→ **What you are asked to do**: Records follow. Copy every line with "that".

[Items listed in a dataset]

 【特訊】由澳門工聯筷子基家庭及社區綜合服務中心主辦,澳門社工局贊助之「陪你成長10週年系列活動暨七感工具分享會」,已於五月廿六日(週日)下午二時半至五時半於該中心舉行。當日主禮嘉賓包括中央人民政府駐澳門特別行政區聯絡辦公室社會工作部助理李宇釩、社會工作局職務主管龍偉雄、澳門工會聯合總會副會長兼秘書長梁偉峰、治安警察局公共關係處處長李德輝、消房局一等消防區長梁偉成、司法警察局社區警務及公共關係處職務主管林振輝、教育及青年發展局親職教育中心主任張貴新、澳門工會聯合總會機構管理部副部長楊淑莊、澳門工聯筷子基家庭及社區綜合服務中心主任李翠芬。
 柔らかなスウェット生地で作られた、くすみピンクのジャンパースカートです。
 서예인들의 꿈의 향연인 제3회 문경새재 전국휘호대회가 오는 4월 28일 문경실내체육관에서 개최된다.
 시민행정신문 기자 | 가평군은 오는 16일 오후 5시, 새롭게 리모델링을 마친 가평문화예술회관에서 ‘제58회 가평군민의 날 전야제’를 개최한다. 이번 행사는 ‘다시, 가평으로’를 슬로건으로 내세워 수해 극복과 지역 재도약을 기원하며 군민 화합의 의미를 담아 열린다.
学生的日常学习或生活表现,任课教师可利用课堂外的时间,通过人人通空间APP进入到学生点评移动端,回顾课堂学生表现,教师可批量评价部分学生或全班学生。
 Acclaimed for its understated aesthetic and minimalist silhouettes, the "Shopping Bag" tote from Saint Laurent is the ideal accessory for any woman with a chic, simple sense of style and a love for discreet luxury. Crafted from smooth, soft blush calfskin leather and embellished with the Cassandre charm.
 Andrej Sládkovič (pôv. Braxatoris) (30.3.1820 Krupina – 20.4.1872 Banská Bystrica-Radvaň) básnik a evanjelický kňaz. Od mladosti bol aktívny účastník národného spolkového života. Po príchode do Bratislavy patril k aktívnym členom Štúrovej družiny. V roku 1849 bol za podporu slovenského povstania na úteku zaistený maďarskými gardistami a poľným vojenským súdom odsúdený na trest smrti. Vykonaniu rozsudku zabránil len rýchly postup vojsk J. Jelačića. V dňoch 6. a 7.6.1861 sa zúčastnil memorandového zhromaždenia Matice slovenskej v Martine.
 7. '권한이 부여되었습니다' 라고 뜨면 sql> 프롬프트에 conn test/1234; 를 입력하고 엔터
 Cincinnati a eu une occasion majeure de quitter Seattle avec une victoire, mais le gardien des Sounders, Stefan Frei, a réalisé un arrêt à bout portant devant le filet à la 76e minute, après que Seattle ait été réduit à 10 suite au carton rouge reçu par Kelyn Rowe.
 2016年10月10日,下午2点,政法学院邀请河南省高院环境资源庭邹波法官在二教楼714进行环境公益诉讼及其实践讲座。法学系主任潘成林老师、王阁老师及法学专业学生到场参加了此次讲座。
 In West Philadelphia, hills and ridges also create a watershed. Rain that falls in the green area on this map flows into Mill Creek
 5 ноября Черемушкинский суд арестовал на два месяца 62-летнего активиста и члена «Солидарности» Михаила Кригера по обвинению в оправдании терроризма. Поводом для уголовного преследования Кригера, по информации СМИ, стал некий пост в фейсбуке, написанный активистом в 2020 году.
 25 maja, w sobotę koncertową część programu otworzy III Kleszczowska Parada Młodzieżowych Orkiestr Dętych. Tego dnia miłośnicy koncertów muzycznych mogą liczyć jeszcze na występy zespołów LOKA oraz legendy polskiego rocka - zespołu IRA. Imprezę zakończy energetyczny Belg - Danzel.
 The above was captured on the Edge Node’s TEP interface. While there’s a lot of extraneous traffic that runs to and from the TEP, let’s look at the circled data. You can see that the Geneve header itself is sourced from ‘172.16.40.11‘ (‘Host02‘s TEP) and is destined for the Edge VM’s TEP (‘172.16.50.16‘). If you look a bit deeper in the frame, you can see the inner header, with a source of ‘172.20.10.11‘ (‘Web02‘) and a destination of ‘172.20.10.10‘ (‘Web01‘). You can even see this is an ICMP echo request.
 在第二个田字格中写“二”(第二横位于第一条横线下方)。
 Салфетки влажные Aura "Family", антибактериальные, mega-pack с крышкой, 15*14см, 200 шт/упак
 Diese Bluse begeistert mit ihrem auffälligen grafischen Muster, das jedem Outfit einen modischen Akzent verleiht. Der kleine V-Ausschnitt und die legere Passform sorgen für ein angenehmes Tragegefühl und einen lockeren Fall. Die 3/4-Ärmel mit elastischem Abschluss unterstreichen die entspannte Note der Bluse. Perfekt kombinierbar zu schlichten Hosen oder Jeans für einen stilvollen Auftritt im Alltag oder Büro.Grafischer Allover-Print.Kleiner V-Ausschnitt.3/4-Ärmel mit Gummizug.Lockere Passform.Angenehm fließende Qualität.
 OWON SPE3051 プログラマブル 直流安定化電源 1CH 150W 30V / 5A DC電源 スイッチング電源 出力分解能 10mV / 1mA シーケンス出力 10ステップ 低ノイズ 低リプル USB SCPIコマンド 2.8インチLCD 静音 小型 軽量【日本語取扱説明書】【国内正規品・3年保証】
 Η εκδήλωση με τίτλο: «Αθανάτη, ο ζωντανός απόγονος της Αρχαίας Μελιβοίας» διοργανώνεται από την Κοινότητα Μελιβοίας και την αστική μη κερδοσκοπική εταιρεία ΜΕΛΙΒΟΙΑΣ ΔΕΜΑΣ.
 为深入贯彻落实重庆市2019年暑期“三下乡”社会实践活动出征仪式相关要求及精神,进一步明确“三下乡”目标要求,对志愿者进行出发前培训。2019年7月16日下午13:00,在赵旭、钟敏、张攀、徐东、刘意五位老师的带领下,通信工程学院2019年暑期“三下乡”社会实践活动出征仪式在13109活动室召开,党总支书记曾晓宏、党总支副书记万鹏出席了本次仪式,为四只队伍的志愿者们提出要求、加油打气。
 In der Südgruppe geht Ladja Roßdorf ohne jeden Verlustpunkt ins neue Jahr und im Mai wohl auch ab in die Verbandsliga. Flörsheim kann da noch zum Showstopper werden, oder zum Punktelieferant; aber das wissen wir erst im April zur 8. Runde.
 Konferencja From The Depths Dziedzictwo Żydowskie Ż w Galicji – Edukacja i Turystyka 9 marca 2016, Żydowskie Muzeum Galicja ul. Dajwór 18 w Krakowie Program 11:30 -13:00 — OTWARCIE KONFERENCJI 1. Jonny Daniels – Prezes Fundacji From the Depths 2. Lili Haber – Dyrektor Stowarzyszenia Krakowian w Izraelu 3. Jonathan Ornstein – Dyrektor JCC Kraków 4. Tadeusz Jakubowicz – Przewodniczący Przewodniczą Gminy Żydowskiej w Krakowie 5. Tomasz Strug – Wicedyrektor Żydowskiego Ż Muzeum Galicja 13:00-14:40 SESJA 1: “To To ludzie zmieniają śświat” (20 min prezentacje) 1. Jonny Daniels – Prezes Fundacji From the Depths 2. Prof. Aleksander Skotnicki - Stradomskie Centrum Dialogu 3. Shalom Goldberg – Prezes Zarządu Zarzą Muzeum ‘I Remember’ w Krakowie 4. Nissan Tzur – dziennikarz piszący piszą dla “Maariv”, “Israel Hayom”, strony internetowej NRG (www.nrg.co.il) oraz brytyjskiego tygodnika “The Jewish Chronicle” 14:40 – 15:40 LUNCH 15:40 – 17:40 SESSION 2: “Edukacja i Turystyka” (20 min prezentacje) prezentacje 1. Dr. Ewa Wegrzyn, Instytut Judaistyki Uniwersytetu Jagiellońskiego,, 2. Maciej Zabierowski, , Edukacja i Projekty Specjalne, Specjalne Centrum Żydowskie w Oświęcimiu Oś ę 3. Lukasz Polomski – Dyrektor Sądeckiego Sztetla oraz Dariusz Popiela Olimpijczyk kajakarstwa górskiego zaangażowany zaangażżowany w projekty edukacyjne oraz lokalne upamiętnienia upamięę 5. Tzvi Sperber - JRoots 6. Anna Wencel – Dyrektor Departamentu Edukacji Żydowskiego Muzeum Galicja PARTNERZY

→ **Written answer**:
 In West Philadelphia, hills and ridges also create a watershed. Rain that falls in the green area on this map flows into Mill Creek
 The above was captured on the Edge Node’s TEP interface. While there’s a lot of extraneous traffic that runs to and from the TEP, let’s look at the circled data. You can see that the Geneve header itself is sourced from ‘172.16.40.11‘ (‘Host02‘s TEP) and is destined for the Edge VM’s TEP (‘172.16.50.16‘). If you look a bit deeper in the frame, you can see the inner header, with a source of ‘172.20.10.11‘ (‘Web02‘) and a destination of ‘172.20.10.10‘ (‘Web01‘). You can even see this is an ICMP echo request.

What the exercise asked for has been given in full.